El hijo de Józsi, tras cavilar un momento, dio su opinión:

—Déjeme decir, señor profesor, que Emerenc tiene un gusto delicado e intachable. —Y fijando la mirada en mi esposo—: Deberían haberse dado cuenta de ello. Lo que pasa es que cuando elige regalos para ustedes, cree que son para dos niños y no para los dos adultos que son.

Recordé la mesa que había preparado aquel día: todo, la comida y la presentación, había sido impecable. Emerenc tenía muy buen gusto y debía de ser verdad que escogía para mí y para mi marido regalos infantiles. ¿Nos habría traído la bota no porque tuviera una piedra preciosa incrustada, sino porque le parecía un buen juguete para un muchachito pequeño como mi esposo? Y como yo había acogido a Viola y me gustaban las mascotas, ¿me había buscado otro perrito? El sobrino de Emerenc nos contó un par de cosas más, entre ellas que su tía, por alusiones indirectas, ya les había dado a entender que quería hacer testamento y que como a nosotros ya no nos iba a pedir ninguna ayuda, y que él mismo, como parte beneficiaría —ya que los herederos serían ellos— no debía intervenir, lo tendría que redactar el oficial, amigo de la vieja.

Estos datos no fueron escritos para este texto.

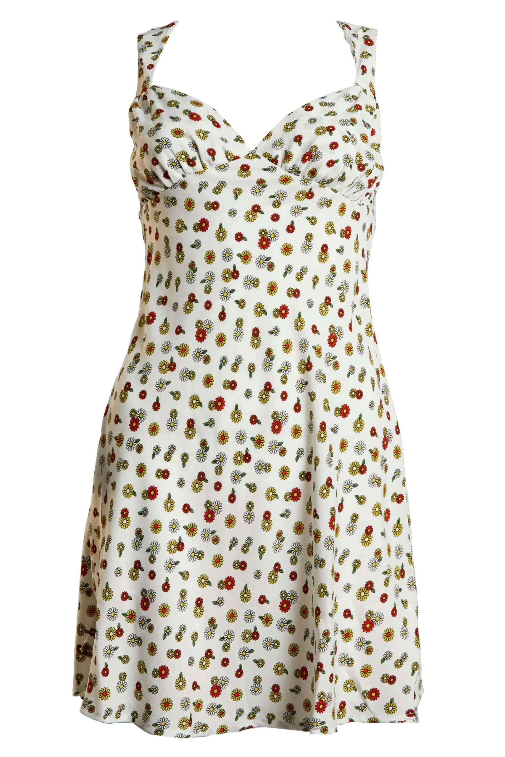 Glamorous Care White Ditsy Daisy Bias Cut Mini Dress with Wide Straps. Perfect for all occasions, this super flattering mini dress features wide straps, gathered bust details, with a bias cut fit. Make sure to pair with some chunky trainers for that chic daytime look.

Se suponía que les dejaría una buena cantidad de dinero, puesto que ella apenas tenía gastos; no pagaba alquiler ni compraba nada para su vivienda, pues tenía de todo: un ajuar completo, enseres y hasta esos muebles de origen misterioso. Solo tenía que gastar en comida, porque incluso encendía la estufa con leña que ella misma recogía en el bosque cercano. Los muebles de la tía probablemente estarían arañados por los gatos, pero no importaba, no les hacían falta porque su piso estaba bien amueblado y equipado. El dinero sí les vendría bien, así podrían empezar a construir una casa, aunque nada de eso era urgente, que antes deseaba con todo su corazón que su tía viviese cien años más, se lo merecía, pues era de esas personas de las que ya no hay, buena, buena y con toda la pureza del mundo; tenía un defecto, eso sí, esos prontos incontrolados y esas reacciones imprevisibles, motivo por cierto de su actual visita. Nos despedimos prometiéndonos que, a pesar del último incidente, seguiríamos en contacto por si surgiese cualquier problema con Emerenc, como una enfermedad. Aunque eso era poco probable, pues ella, que trabajaba diez veces más que cualquier jovencita, jamás había tenido achaques de ningún tipo. Y que, pasara lo que pasase, no nos enfadáramos, que con lo buena que era no se lo merecía.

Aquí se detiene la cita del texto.